Something that's gotten old years ago is having to constantly look up character codes for various string and byte parsing needs. In a pinch, it's useful for scripting, and V8 optimizes for str[i] === "ch" specially, but that doesn't help when dealing with binary data like raw UTF-8 buffers. One could save "a".charCodeAt(0) to a variable, but sufficiently complicated parsing algorithms could be saving dozens of those, and so it'd get unwieldy fast. (As a concrete data point, parsing JSON, a relatively simple language, requires specific awareness of 29 code points: 0, 1, 9, ., +, -, E, e, {, }, [, ], :, \, ", t, r, u, f, a, l, s, n, ,, b, space, newline, carriage return, and horizontal tab.)

I don't have any specific concrete ideas - first idea was 0s'a' or 0sa, but those obviously look a bit strange and the second doesn't look delimited enough. But this would make for a very good quality of life improvement around text parsing in JS.

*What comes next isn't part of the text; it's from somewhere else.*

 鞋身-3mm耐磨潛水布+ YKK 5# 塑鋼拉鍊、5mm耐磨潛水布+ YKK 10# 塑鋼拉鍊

One option is to create a template tag. This could be provided built-in, letting engines optimize it away if they choose, but it also isn't too difficult to provide user-land.

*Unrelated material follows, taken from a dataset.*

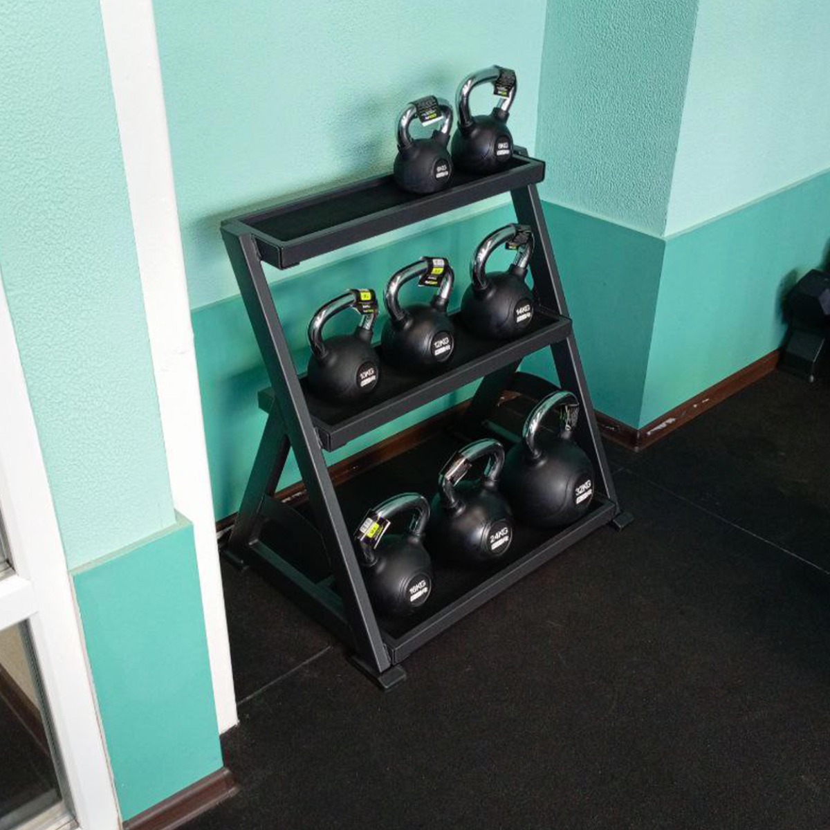 Стойка для гирь трехъярусная 2216 TANGEN стойка используется для хранения и удобного использования гирь. Представляет собой сборную металлическую конструкцию.

const c = ([char]) => char.charCodeAt(0)
console.log(c`a`) // 97
3 Likes

You'd want codePointAt() to avoid messing up astral characters, but otherwise yeah, that works. ^_^

3 Likes

Exactly what I've been using ;) As for optimizing it away, hand-written parsers are such a niche that a babel macro is enough:

babel-charcode.macro
//  sorry never bothered publishing it
const { createMacro, MacroError } = require("babel-plugin-macros");

module.exports = createMacro(charCodeMacro);

function charCodeMacro({ references, babel }) {
  if ("default" in references) {
    for (const ref of references.default) {
      transform(ref, babel.types);
    }
  }
}

function transform(ref, t) {
  const { parentPath } = ref;
  if (!parentPath || !parentPath.isTaggedTemplateExpression() || ref.key !== "tag") {
    throw new MacroError(`\`${ref}\` can only be used as template expression tag`);
  }
  const { quasis } = parentPath.node.quasi;
  if (quasis.length !== 1) {
    throw new MacroError(`\`${ref}\` can only be used on template strings without substitutions`);
  }
  const { cooked } = quasis[0].value;
  const cp = cooked.codePointAt(0);
  if (typeof cp !== "number" || cooked !== String.fromCodePoint(cp)) {
    throw new MacroError(`\`${ref}\` can only be used on single characters, got ${JSON.stringify(cooked)}`);
  }
  parentPath.replaceWith(t.numericLiteral(cp));
}

Worth mentioning there is considerable language precedent (though some of these use separate types for characters and numbers). Just to name a few:

  • C/C++
  • Java
  • C#
  • Visual Basic
  • Swift
  • Rust
  • Erlang
  • Elixir
  • Haskell

I expected TC39 people to have enough familiarity with some of these languages to be aware of this, hence why I didn't make it explicit.

I think this "gotcha" is pretty important. I assume this is simply a list of languages that have some form of character literal? It's not necessarily a list of languages that have character literals that produce numbers? The difference, IMO, is important. After all, many of these languages wouldn't be able to help with your main use case either, as you would still have to transform the character to a number using some sort of function or casting mechanism, just like you have to do today in JavaScript (though, I guess casting can be done for free, so you do get the minor performance benefit with those languages).

Put it another way, what you're asking for isn't simply a character literal syntax, we've already got that, put 'x' into your source code, and you'll get a character using this language's native choice of representing characters, a one-length string. This puts us on-par with the feature-set of all of these other languages when it comes to character-literal syntax. What you're asking for instead is a special character-literal syntax that produces numbers instead of the language's native character type. I don't think any of these languages have this. (sure, C++ character literals produce numbers, but numbers are also their native way to represent characters).